#### INPUT MATERIAL ####
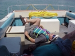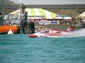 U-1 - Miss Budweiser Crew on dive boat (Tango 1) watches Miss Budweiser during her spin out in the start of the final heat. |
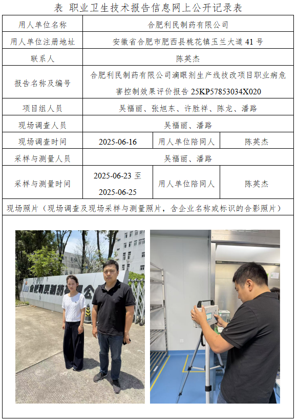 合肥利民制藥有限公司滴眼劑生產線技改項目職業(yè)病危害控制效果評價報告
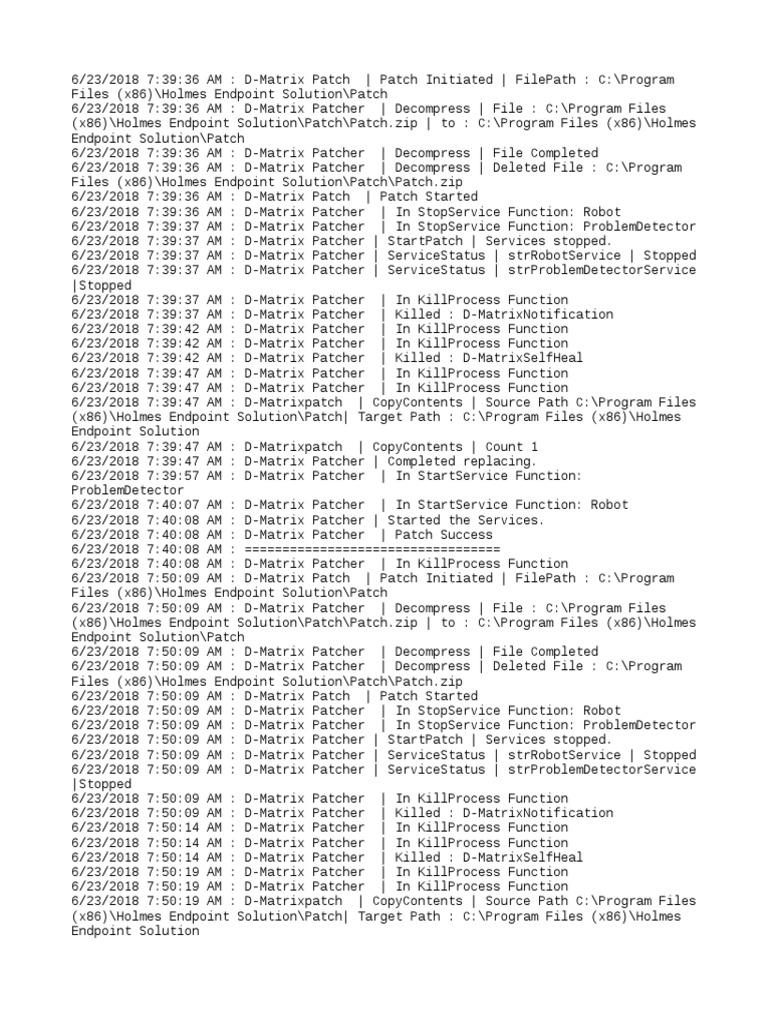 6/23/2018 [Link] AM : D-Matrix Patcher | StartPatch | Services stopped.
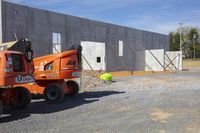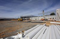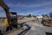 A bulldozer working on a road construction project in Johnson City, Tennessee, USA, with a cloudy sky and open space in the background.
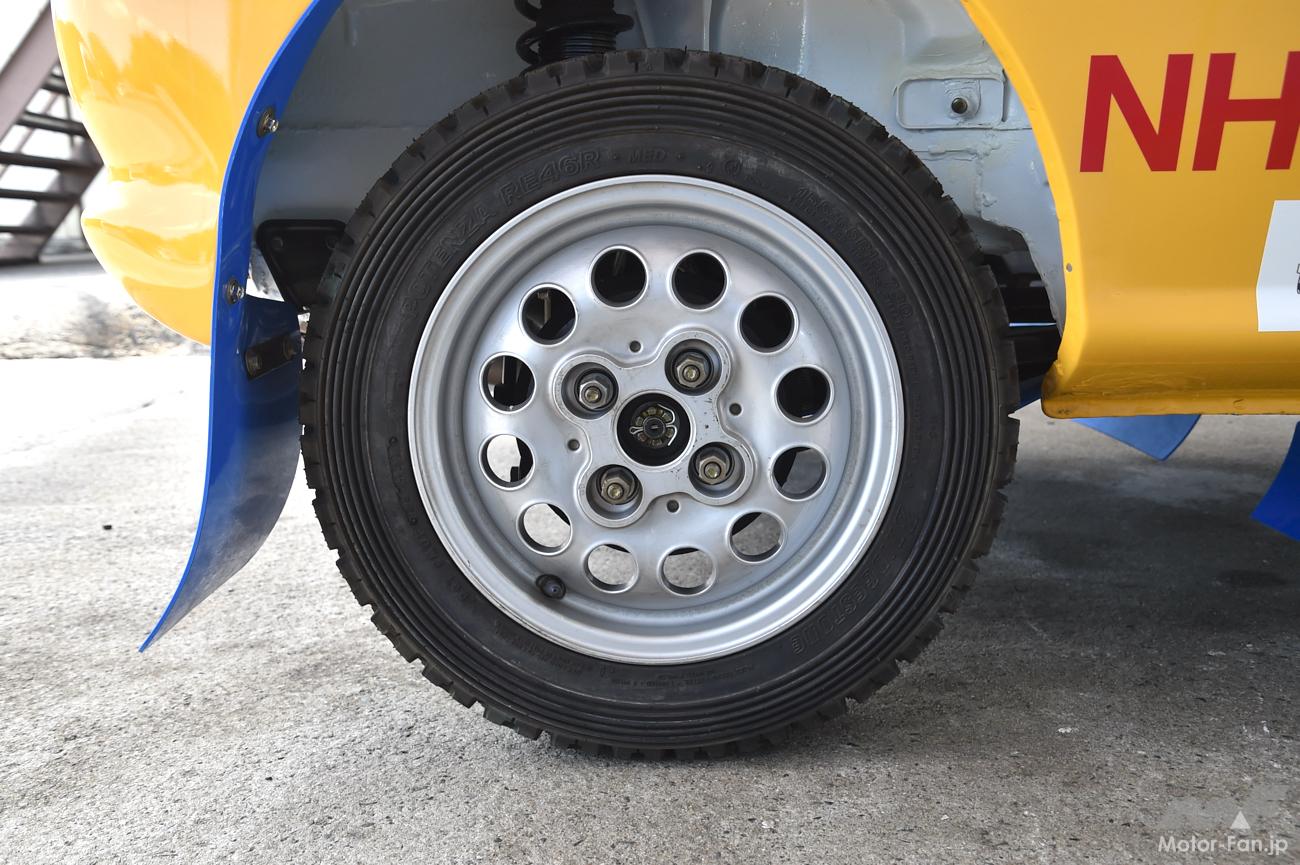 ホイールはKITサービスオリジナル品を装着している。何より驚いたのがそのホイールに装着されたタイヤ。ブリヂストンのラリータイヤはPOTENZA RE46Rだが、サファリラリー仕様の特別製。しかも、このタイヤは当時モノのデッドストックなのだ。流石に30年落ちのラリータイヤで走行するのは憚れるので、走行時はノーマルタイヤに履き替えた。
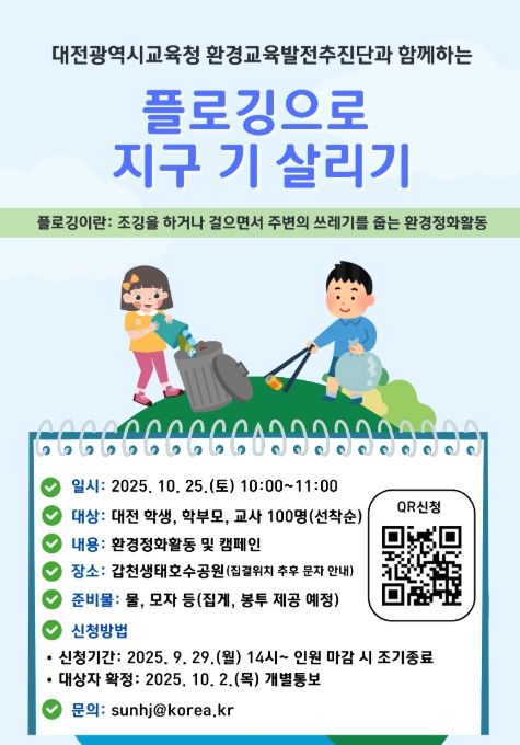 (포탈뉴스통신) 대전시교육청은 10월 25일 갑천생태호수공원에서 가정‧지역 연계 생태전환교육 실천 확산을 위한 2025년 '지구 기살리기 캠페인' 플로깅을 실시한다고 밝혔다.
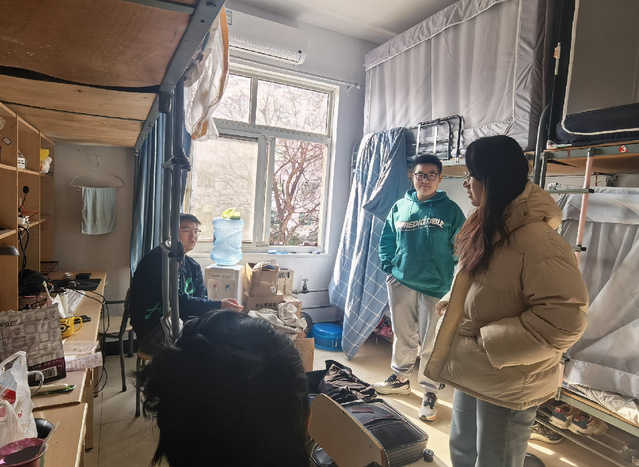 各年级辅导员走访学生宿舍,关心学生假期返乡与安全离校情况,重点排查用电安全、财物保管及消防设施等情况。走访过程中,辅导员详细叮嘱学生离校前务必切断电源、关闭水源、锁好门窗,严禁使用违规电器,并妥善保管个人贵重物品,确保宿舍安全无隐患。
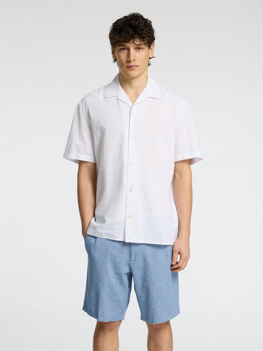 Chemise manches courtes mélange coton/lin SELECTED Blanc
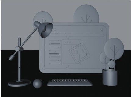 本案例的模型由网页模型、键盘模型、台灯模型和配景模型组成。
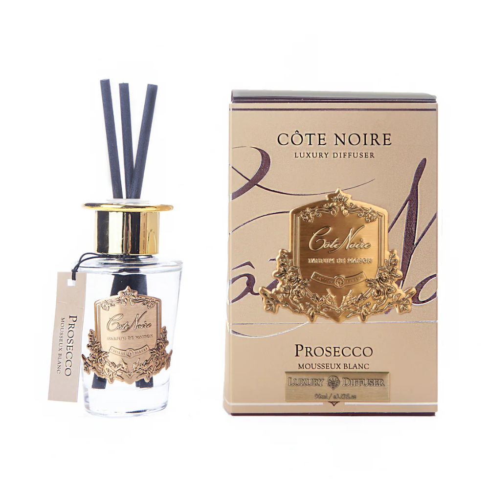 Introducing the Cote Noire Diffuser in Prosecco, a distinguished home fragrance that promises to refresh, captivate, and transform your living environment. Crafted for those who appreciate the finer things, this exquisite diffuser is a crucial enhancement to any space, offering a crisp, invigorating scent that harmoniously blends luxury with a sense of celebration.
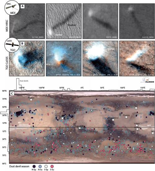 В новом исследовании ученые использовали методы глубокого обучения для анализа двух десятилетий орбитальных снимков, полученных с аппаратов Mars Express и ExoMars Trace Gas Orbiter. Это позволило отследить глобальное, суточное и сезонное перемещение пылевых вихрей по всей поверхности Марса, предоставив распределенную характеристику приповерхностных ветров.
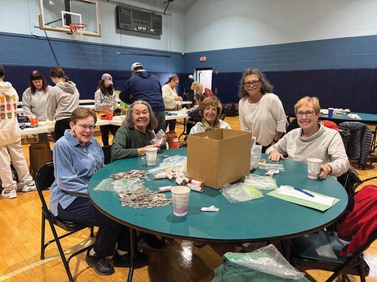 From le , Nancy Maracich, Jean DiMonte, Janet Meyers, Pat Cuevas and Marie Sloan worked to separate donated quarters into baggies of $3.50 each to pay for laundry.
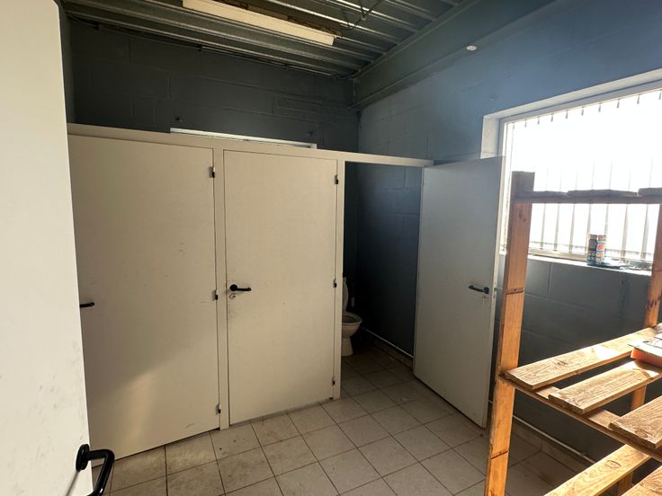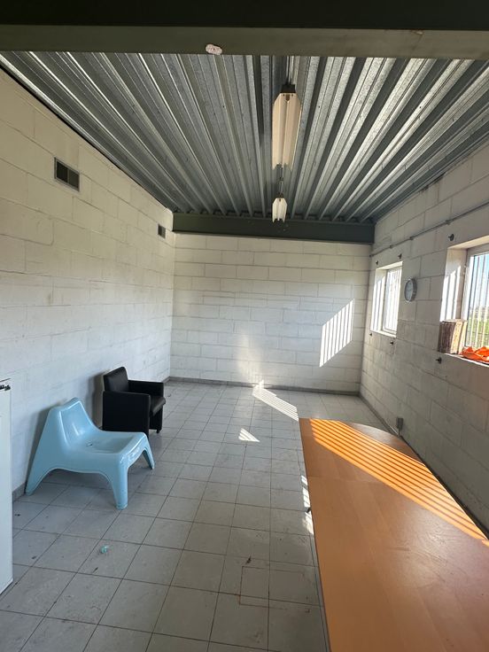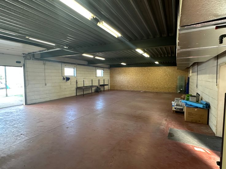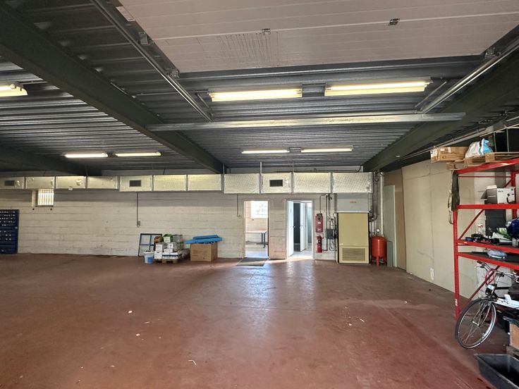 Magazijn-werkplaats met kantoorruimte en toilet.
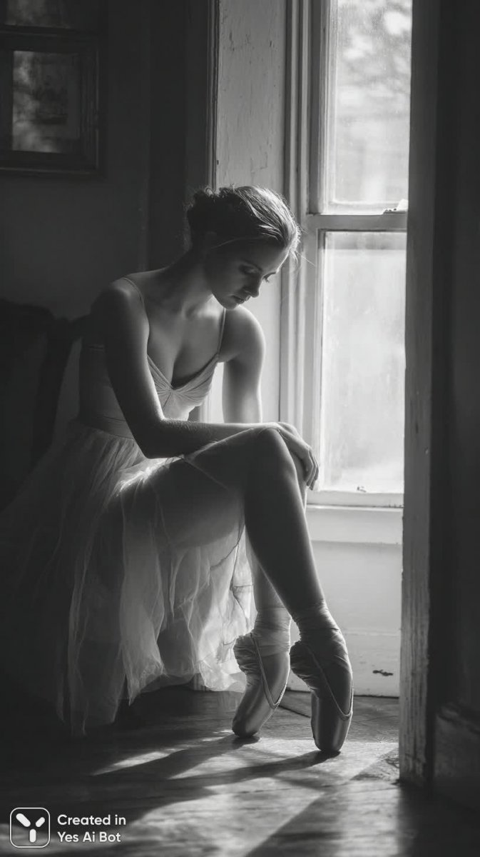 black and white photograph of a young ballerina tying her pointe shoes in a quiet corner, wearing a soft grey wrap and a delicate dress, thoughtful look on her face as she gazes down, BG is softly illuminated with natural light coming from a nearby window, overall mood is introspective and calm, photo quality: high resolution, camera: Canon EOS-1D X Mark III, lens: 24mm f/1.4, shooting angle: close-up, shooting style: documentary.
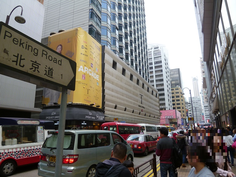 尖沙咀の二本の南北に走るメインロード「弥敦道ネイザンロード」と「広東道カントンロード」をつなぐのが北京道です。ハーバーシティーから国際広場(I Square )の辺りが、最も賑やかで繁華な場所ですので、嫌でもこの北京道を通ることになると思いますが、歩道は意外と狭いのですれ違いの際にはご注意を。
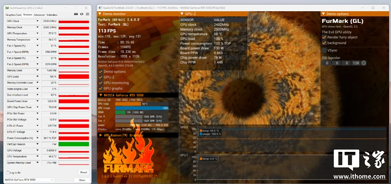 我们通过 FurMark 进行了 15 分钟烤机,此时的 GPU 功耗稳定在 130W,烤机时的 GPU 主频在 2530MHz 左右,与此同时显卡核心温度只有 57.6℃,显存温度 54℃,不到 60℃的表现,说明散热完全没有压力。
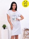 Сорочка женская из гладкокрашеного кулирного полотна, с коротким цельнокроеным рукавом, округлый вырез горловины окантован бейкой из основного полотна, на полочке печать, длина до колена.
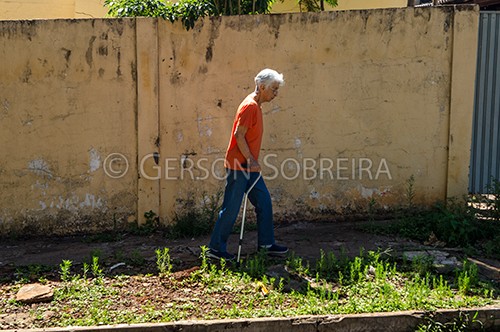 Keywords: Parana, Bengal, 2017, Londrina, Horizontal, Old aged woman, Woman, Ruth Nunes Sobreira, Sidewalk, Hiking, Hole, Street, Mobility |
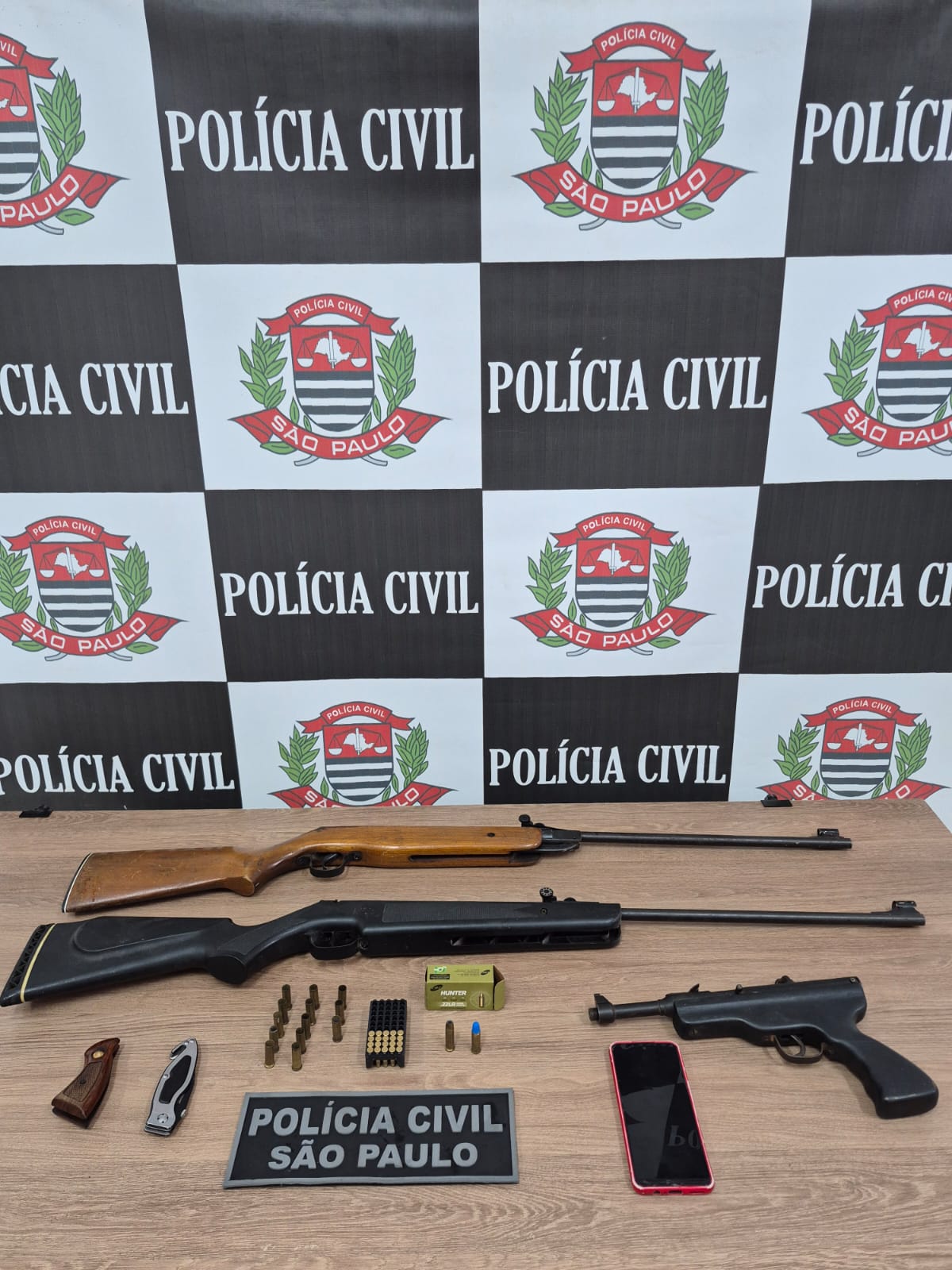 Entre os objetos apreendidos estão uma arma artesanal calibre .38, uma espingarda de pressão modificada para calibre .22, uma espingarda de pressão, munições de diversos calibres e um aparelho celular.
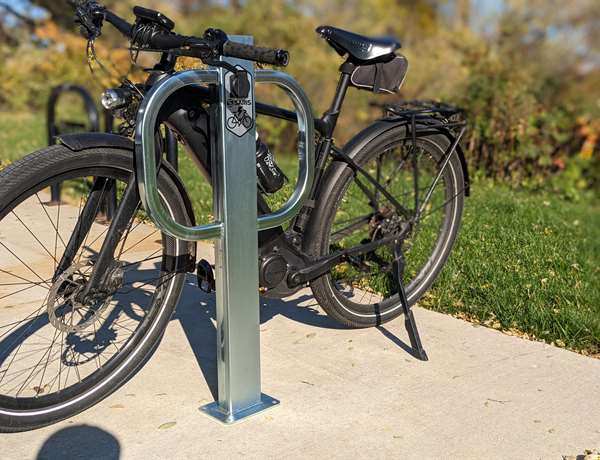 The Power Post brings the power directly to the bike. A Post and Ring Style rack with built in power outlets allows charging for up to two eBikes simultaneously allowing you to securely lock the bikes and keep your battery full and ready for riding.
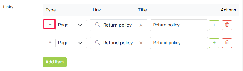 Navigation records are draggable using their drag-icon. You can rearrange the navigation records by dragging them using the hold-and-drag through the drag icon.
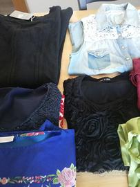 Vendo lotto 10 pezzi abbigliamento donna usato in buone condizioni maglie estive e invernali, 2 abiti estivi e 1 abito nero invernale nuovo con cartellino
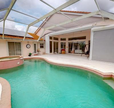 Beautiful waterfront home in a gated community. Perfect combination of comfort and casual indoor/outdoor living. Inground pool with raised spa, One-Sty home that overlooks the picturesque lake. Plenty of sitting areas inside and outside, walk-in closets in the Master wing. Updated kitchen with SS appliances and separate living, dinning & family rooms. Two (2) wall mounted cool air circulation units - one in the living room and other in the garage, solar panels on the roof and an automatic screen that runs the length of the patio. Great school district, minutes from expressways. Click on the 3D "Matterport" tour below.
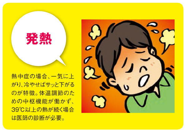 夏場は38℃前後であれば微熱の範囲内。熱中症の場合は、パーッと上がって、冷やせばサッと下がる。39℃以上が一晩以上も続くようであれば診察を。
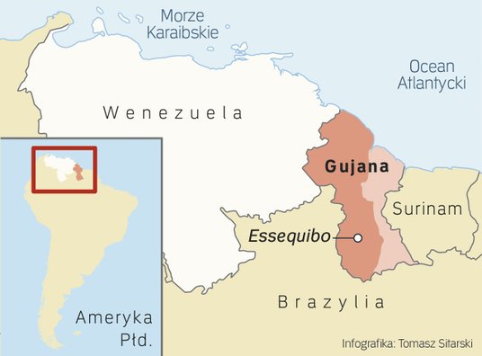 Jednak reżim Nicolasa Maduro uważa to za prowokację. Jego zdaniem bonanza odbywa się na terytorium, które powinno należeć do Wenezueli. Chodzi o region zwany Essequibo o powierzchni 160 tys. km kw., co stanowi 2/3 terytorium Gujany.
####
- [THE TASK]:
Make an exact copy of the listing above. Its pictures are not needed.

- [WRITTEN RESPONSE]:
 U-1 - Miss Budweiser Crew on dive boat (Tango 1) watches Miss Budweiser during her spin out in the start of the final heat. |
 合肥利民制藥有限公司滴眼劑生產線技改項目職業(yè)病危害控制效果評價報告
 6/23/2018 [Link] AM : D-Matrix Patcher | StartPatch | Services stopped.
 A bulldozer working on a road construction project in Johnson City, Tennessee, USA, with a cloudy sky and open space in the background.
 ホイールはKITサービスオリジナル品を装着している。何より驚いたのがそのホイールに装着されたタイヤ。ブリヂストンのラリータイヤはPOTENZA RE46Rだが、サファリラリー仕様の特別製。しかも、このタイヤは当時モノのデッドストックなのだ。流石に30年落ちのラリータイヤで走行するのは憚れるので、走行時はノーマルタイヤに履き替えた。
 (포탈뉴스통신) 대전시교육청은 10월 25일 갑천생태호수공원에서 가정‧지역 연계 생태전환교육 실천 확산을 위한 2025년 '지구 기살리기 캠페인' 플로깅을 실시한다고 밝혔다.
 各年级辅导员走访学生宿舍,关心学生假期返乡与安全离校情况,重点排查用电安全、财物保管及消防设施等情况。走访过程中,辅导员详细叮嘱学生离校前务必切断电源、关闭水源、锁好门窗,严禁使用违规电器,并妥善保管个人贵重物品,确保宿舍安全无隐患。
 Chemise manches courtes mélange coton/lin SELECTED Blanc
 本案例的模型由网页模型、键盘模型、台灯模型和配景模型组成。
 Introducing the Cote Noire Diffuser in Prosecco, a distinguished home fragrance that promises to refresh, captivate, and transform your living environment. Crafted for those who appreciate the finer things, this exquisite diffuser is a crucial enhancement to any space, offering a crisp, invigorating scent that harmoniously blends luxury with a sense of celebration.
 В новом исследовании ученые использовали методы глубокого обучения для анализа двух десятилетий орбитальных снимков, полученных с аппаратов Mars Express и ExoMars Trace Gas Orbiter. Это позволило отследить глобальное, суточное и сезонное перемещение пылевых вихрей по всей поверхности Марса, предоставив распределенную характеристику приповерхностных ветров.
 From le , Nancy Maracich, Jean DiMonte, Janet Meyers, Pat Cuevas and Marie Sloan worked to separate donated quarters into baggies of $3.50 each to pay for laundry.
 Magazijn-werkplaats met kantoorruimte en toilet.
 black and white photograph of a young ballerina tying her pointe shoes in a quiet corner, wearing a soft grey wrap and a delicate dress, thoughtful look on her face as she gazes down, BG is softly illuminated with natural light coming from a nearby window, overall mood is introspective and calm, photo quality: high resolution, camera: Canon EOS-1D X Mark III, lens: 24mm f/1.4, shooting angle: close-up, shooting style: documentary.
 尖沙咀の二本の南北に走るメインロード「弥敦道ネイザンロード」と「広東道カントンロード」をつなぐのが北京道です。ハーバーシティーから国際広場(I Square )の辺りが、最も賑やかで繁華な場所ですので、嫌でもこの北京道を通ることになると思いますが、歩道は意外と狭いのですれ違いの際にはご注意を。
 我们通过 FurMark 进行了 15 分钟烤机,此时的 GPU 功耗稳定在 130W,烤机时的 GPU 主频在 2530MHz 左右,与此同时显卡核心温度只有 57.6℃,显存温度 54℃,不到 60℃的表现,说明散热完全没有压力。
 Сорочка женская из гладкокрашеного кулирного полотна, с коротким цельнокроеным рукавом, округлый вырез горловины окантован бейкой из основного полотна, на полочке печать, длина до колена.
 Keywords: Parana, Bengal, 2017, Londrina, Horizontal, Old aged woman, Woman, Ruth Nunes Sobreira, Sidewalk, Hiking, Hole, Street, Mobility |
 Entre os objetos apreendidos estão uma arma artesanal calibre .38, uma espingarda de pressão modificada para calibre .22, uma espingarda de pressão, munições de diversos calibres e um aparelho celular.
 The Power Post brings the power directly to the bike. A Post and Ring Style rack with built in power outlets allows charging for up to two eBikes simultaneously allowing you to securely lock the bikes and keep your battery full and ready for riding.
 Navigation records are draggable using their drag-icon. You can rearrange the navigation records by dragging them using the hold-and-drag through the drag icon.
 Vendo lotto 10 pezzi abbigliamento donna usato in buone condizioni maglie estive e invernali, 2 abiti estivi e 1 abito nero invernale nuovo con cartellino
 Beautiful waterfront home in a gated community. Perfect combination of comfort and casual indoor/outdoor living. Inground pool with raised spa, One-Sty home that overlooks the picturesque lake. Plenty of sitting areas inside and outside, walk-in closets in the Master wing. Updated kitchen with SS appliances and separate living, dinning & family rooms. Two (2) wall mounted cool air circulation units - one in the living room and other in the garage, solar panels on the roof and an automatic screen that runs the length of the patio. Great school district, minutes from expressways. Click on the 3D "Matterport" tour below.
 夏場は38℃前後であれば微熱の範囲内。熱中症の場合は、パーッと上がって、冷やせばサッと下がる。39℃以上が一晩以上も続くようであれば診察を。
 Jednak reżim Nicolasa Maduro uważa to za prowokację. Jego zdaniem bonanza odbywa się na terytorium, które powinno należeć do Wenezueli. Chodzi o region zwany Essequibo o powierzchni 160 tys. km kw., co stanowi 2/3 terytorium Gujany.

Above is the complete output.